You can reconstitute the powdered format and use it to make any number of dishes. Think omelets, scrambled eggs, casseroles, and baking needs. The most evident drawback is that the yolk is broken already, so you can’t make softer eggs.
Do dehydrated eggs taste good?
The reconstituted product tastes very much like fresh eggs when you follow the recipe. I have made them many times and haven’t noticed any difference–once I got the correct ratio down.
How much powdered egg does it take to equal one egg?
One tablespoon of powdered egg equals one fresh.
How do I reconstitute dehydrated eggs?
I like using one tablespoon of egg to two tablespoons of water. The texture is just right. Add an extra splash if you’d like your egg a little looser. On the other hand, if you want a drier egg, use slightly less. Much of this comes from a personal choice of the texture.
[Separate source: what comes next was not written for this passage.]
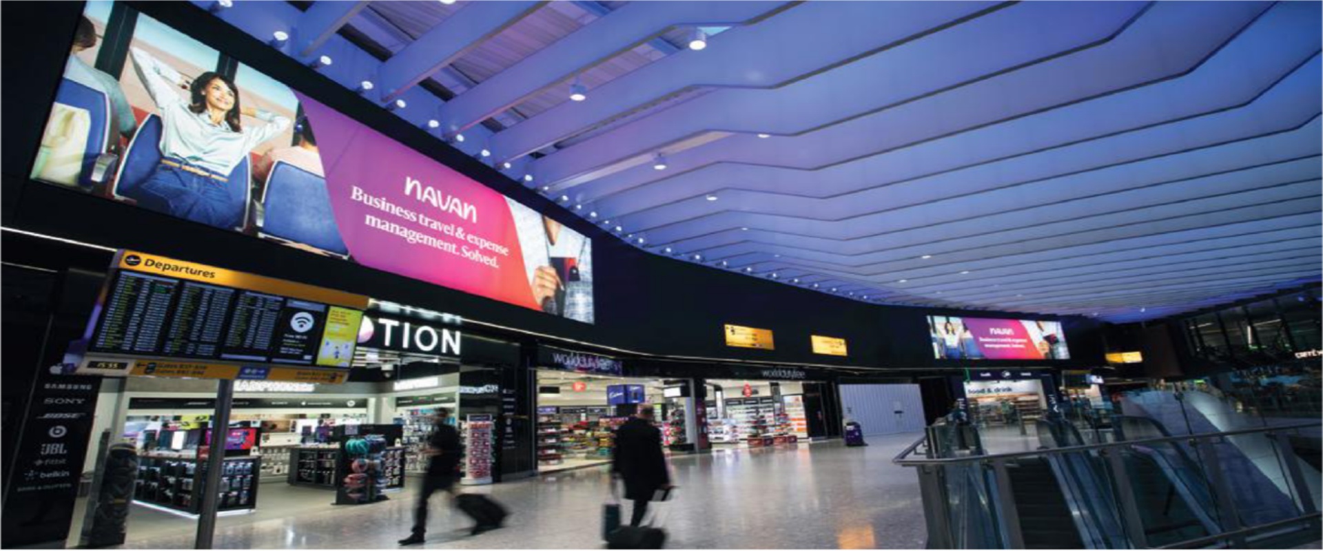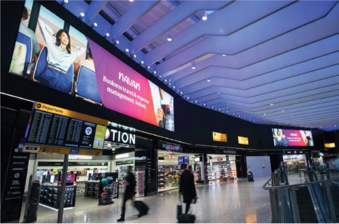 媒体位于希思罗机场2B航站楼零售区上方的黄金地段。它们不仅能覆盖到逛零售店的出港旅客,对于刚抵达2B航站楼的旅客来说也同样清晰可见。

Can you make scrambled eggs with powdered eggs?
Yes! In fact, scrambling them is probably the easiest way to enjoy them.
How do you make scrambled eggs with powdered eggs?
To make scrambled eggs from powdered eggs you:
- Measure out one tablespoon of powdered egg plus two tablespoons of water for each egg you want to make. Put them in a bowl and mix them. Let the egg reconstitute for about five minutes.
- Add butter to a skillet. Heat the skillet over medium-high.
- If you’d like a creamier scrambled egg, add a half and a half or milk tablespoon. Season with pepper and salt, if you wish.
- Scramble the egg in the skillet, moving it around occasionally, just as you would fresh eggs. Enjoy!
What is the shelf life for powdered eggs? How do you store powdered eggs long term?
Commercially purchased products have a longer shelf life than homemade, likely because of chemical preservatives.
If you store your powdered eggs in a vacuum-sealed container and store it in a cool, dark place, you can keep them for six months to one year. If you don’t have a vacuum sealer, store them filled all the way to the top of a jar, insert an 0² packet, and stick them in the bottom drawer of the fridge.
However, once you open them, you must keep them in the fridge with the cap on for about one month.
Mine never make it that long. At the end of hurricane season each year, I rotate them. In other words, I use them for baking or cooking and start over, making a fresh batch.
Can you use powdered eggs to make pasta?
Yes, you can use them to make pasta. However, due to the color difference from fresh, you might see slightly more yellow color in the final pasta.
Can you freeze powdered eggs?
Yes! In fact, freezing powdered eggs is my favorite way to ensure they stay fresh. Once you remove them from the freezer, keep them in the fridge and use them within one month.
What are the benefits of storing dehydrated eggs in my emergency supplies?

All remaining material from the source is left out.